RECORDED DATA:
--------------------------------------------------

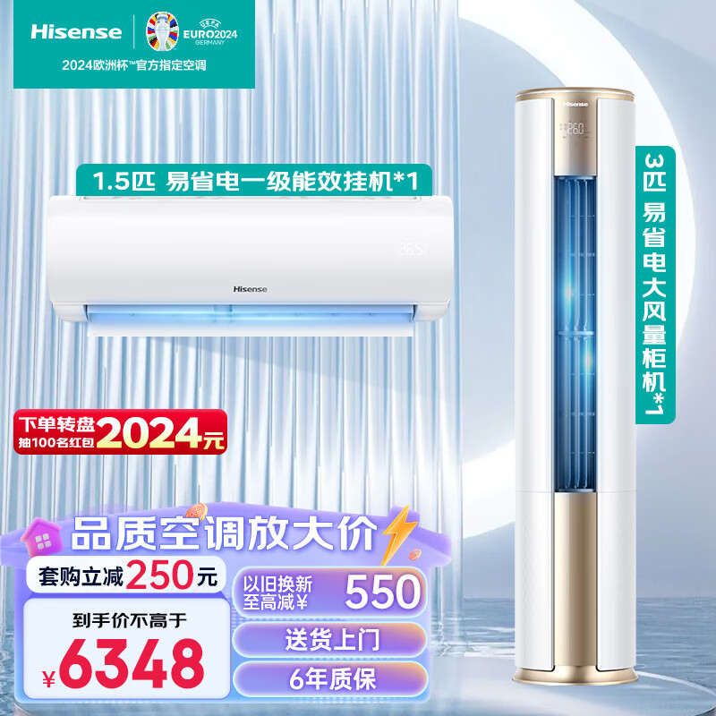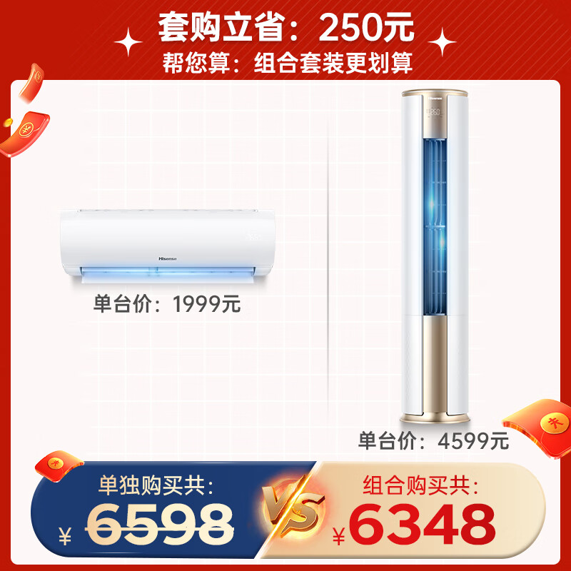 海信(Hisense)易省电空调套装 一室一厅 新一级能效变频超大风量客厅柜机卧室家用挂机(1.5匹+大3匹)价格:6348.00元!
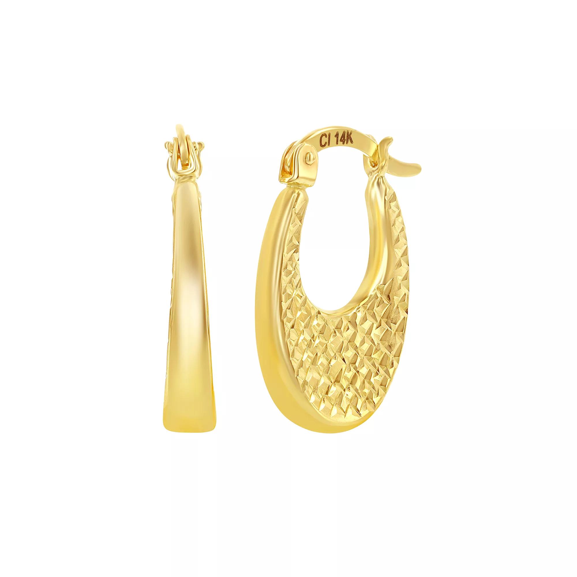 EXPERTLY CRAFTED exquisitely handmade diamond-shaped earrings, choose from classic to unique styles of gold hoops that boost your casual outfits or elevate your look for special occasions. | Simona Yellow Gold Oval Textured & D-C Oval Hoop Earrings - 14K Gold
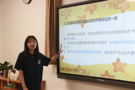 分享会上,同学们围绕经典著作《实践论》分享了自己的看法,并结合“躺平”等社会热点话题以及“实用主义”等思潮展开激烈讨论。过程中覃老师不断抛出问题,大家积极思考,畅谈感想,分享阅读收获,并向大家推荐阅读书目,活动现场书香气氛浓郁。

--------------------------------------------------

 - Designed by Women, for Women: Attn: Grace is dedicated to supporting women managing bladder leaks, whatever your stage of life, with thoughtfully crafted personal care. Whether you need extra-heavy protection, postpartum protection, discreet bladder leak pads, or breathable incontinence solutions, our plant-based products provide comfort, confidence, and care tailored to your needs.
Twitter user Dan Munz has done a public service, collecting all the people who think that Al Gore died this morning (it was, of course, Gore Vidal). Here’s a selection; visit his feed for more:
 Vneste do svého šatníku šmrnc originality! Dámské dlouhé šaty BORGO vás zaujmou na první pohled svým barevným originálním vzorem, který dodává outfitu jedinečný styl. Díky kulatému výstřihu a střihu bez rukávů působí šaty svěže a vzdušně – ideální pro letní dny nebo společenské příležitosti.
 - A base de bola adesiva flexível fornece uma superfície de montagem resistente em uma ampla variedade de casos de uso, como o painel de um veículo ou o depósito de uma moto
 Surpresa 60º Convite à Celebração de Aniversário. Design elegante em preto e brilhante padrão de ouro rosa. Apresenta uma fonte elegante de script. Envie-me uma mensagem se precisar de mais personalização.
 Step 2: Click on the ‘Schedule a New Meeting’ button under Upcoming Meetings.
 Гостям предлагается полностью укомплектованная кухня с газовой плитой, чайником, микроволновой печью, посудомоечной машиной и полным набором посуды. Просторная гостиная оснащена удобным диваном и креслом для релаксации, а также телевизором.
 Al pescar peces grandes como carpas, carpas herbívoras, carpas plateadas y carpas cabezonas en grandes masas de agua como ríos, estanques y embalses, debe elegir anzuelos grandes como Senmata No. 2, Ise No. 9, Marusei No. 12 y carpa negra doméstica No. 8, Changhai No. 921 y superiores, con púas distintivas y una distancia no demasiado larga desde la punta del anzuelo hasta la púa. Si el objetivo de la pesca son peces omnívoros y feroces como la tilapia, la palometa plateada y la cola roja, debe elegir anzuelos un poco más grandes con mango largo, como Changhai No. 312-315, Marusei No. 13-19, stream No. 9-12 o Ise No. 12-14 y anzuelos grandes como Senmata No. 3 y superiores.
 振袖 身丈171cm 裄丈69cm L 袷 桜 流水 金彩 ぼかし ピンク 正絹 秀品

--------------------------------------------------

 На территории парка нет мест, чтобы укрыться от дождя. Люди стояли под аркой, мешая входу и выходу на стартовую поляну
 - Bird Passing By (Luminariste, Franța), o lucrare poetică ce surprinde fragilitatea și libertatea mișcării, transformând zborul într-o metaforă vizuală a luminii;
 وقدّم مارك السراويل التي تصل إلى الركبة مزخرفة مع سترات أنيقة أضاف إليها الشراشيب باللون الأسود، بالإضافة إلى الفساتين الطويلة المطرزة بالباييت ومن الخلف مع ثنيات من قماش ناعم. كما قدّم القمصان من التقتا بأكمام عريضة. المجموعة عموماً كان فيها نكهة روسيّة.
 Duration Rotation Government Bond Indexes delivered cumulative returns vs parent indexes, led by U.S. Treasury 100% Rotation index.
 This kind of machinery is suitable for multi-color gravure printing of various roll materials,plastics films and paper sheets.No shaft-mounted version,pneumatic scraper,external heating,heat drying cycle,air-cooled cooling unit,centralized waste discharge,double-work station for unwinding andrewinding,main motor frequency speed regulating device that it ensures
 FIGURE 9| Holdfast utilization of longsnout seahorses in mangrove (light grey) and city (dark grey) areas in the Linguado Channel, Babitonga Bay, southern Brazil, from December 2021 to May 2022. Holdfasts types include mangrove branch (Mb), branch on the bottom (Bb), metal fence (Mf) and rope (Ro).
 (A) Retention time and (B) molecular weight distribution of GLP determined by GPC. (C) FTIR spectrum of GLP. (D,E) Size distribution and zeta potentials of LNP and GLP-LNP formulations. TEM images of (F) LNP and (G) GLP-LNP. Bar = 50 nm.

--------------------------------------------------

EXERCISE AIM: Only the lines above from the one with "Duration Rotation Government" up to and including the one with "FIGURE 9| Holdfast" should be repeated, exactly as written.

RESPONSE TO THE TASK:
 Duration Rotation Government Bond Indexes delivered cumulative returns vs parent indexes, led by U.S. Treasury 100% Rotation index.
 This kind of machinery is suitable for multi-color gravure printing of various roll materials,plastics films and paper sheets.No shaft-mounted version,pneumatic scraper,external heating,heat drying cycle,air-cooled cooling unit,centralized waste discharge,double-work station for unwinding andrewinding,main motor frequency speed regulating device that it ensures
 FIGURE 9| Holdfast utilization of longsnout seahorses in mangrove (light grey) and city (dark grey) areas in the Linguado Channel, Babitonga Bay, southern Brazil, from December 2021 to May 2022. Holdfasts types include mangrove branch (Mb), branch on the bottom (Bb), metal fence (Mf) and rope (Ro).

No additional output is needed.